Work required
Your response to the data below should hold nothing except the lines from the one containing "- Mechanizm składania" down to the one containing "На шестом месте", reproduced exactly and without pictures.

Data to process
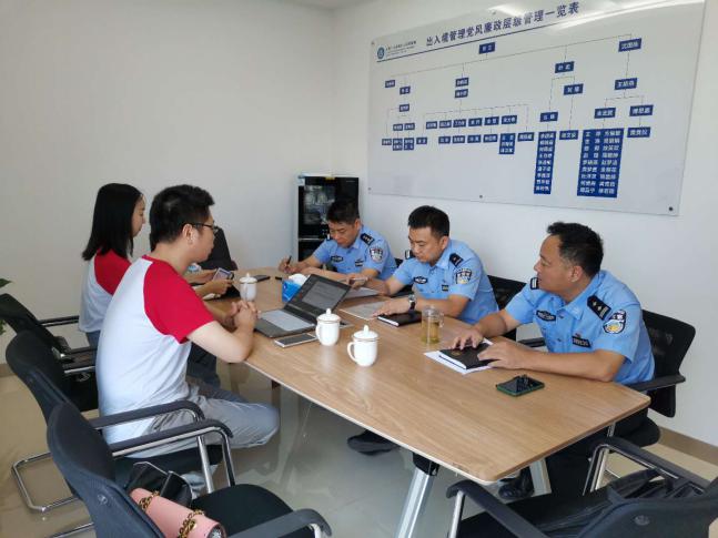 7月30日上午,课题组追影猫 博士研究生党俊琦,硕士研究生姬雨菲一行来到义乌市公安局出入境管理局调研外国人的管理及移民融入情况。在座谈会上,出入境管理局局长宋立介绍了出入境管理局的日常工作以及义乌市外国人的生活状况,杨小明同志详细介绍了外国人在社会融入过程中面临的一些困难。
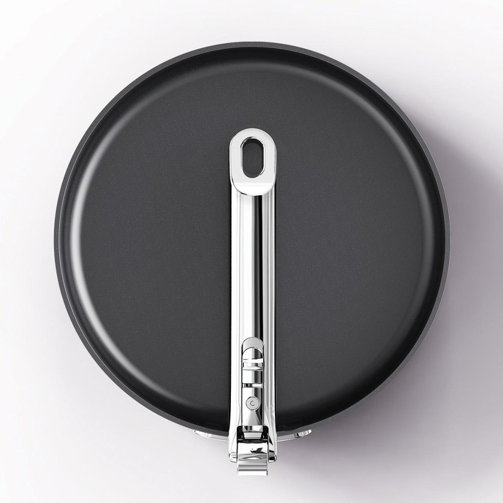 - Mechanizm składania umożliwia sztaplowanie patelni z tej samej serii w szufladach lub szafkach, oszczędzając do 50% miejsca.
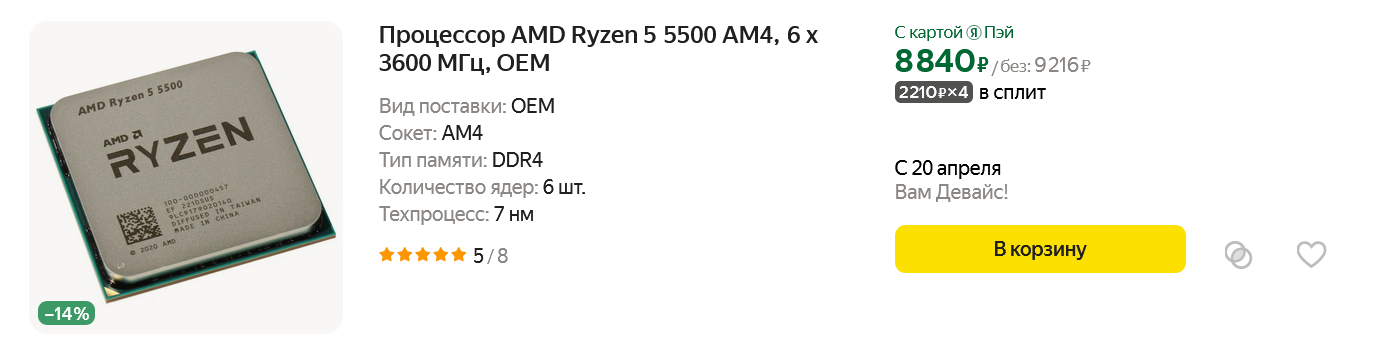 На шестом месте списка расположился бюджетный шестиядерник Ryzen 5 5500, который стал отличным конкурентом для Core i3-12100F и по цене, и по производительности. А еще он очень нетребователен к материнским платам и будет работать в самых недорогих моделях с чипсетом AMD A320 или AMD B450.
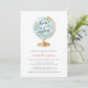 For the future adventurer, choose this sweet travel themed baby shower invitation featuring a watercolor globe illustration adorned with flowers and inscribed with the words "born to explore" in calligraphy script lettering. Personalise with your baby shower details beneath. Invitations reverse to a pattern of white arrows on soft pastel aqua.
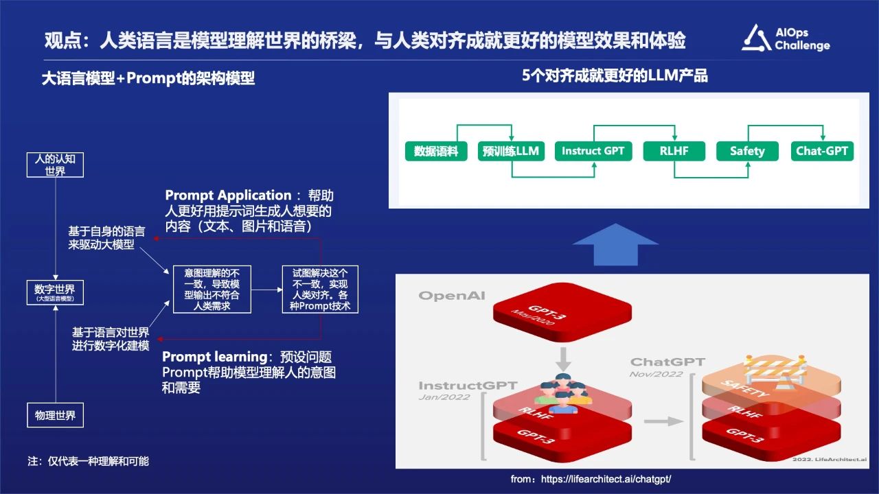 现在大语言模型非常火热,之所以会出现这样一个能够理解自然语言世界的模型,其本质上是通过自然语言对整个物理世界的一种映射,建立的是一种数字世界,所以它是能够理解真实的物理世界,包括我们的真实运营环境。

Written answer
 - Mechanizm składania umożliwia sztaplowanie patelni z tej samej serii w szufladach lub szafkach, oszczędzając do 50% miejsca.
 На шестом месте списка расположился бюджетный шестиядерник Ryzen 5 5500, который стал отличным конкурентом для Core i3-12100F и по цене, и по производительности. А еще он очень нетребователен к материнским платам и будет работать в самых недорогих моделях с чипсетом AMD A320 или AMD B450.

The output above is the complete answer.